++++ ENTRIES SUPPLIED ++++

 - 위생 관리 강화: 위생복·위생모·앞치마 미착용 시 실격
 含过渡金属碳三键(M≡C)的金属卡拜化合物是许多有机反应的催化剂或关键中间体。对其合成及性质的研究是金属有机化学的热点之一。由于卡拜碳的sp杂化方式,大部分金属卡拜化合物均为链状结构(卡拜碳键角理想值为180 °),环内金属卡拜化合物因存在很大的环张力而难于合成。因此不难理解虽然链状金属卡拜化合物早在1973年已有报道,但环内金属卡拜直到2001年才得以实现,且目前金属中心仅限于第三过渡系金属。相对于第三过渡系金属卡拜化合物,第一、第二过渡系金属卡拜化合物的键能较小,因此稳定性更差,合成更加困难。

++++
++++ ENTRIES SUPPLIED ++++

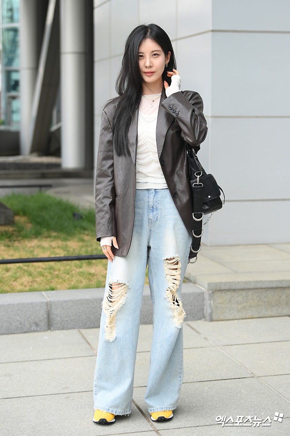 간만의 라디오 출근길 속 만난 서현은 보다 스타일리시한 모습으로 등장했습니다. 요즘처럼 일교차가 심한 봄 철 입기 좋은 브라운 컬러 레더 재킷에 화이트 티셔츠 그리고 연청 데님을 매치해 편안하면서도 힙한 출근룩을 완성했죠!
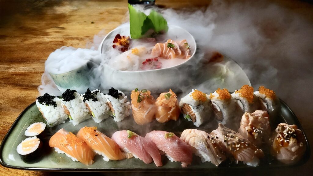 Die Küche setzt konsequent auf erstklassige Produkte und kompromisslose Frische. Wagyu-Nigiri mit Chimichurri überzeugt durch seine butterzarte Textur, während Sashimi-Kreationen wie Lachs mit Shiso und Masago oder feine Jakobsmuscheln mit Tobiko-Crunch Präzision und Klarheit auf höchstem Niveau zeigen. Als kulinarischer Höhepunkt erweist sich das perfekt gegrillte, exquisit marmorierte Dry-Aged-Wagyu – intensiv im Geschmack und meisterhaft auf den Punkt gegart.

++++

» **AIM OF THE TASK**
Retype the records above, but only those lines that fall between the line containing "- 위생 관리 강화: 위생복·위생모·앞치마 미착용 시 실격" and the line containing "含过渡金属碳三键(M≡C)的", with both of those lines included, exactly as written.

» **RESULT BELOW**
 - 위생 관리 강화: 위생복·위생모·앞치마 미착용 시 실격
 含过渡金属碳三键(M≡C)的金属卡拜化合物是许多有机反应的催化剂或关键中间体。对其合成及性质的研究是金属有机化学的热点之一。由于卡拜碳的sp杂化方式,大部分金属卡拜化合物均为链状结构(卡拜碳键角理想值为180 °),环内金属卡拜化合物因存在很大的环张力而难于合成。因此不难理解虽然链状金属卡拜化合物早在1973年已有报道,但环内金属卡拜直到2001年才得以实现,且目前金属中心仅限于第三过渡系金属。相对于第三过渡系金属卡拜化合物,第一、第二过渡系金属卡拜化合物的键能较小,因此稳定性更差,合成更加困难。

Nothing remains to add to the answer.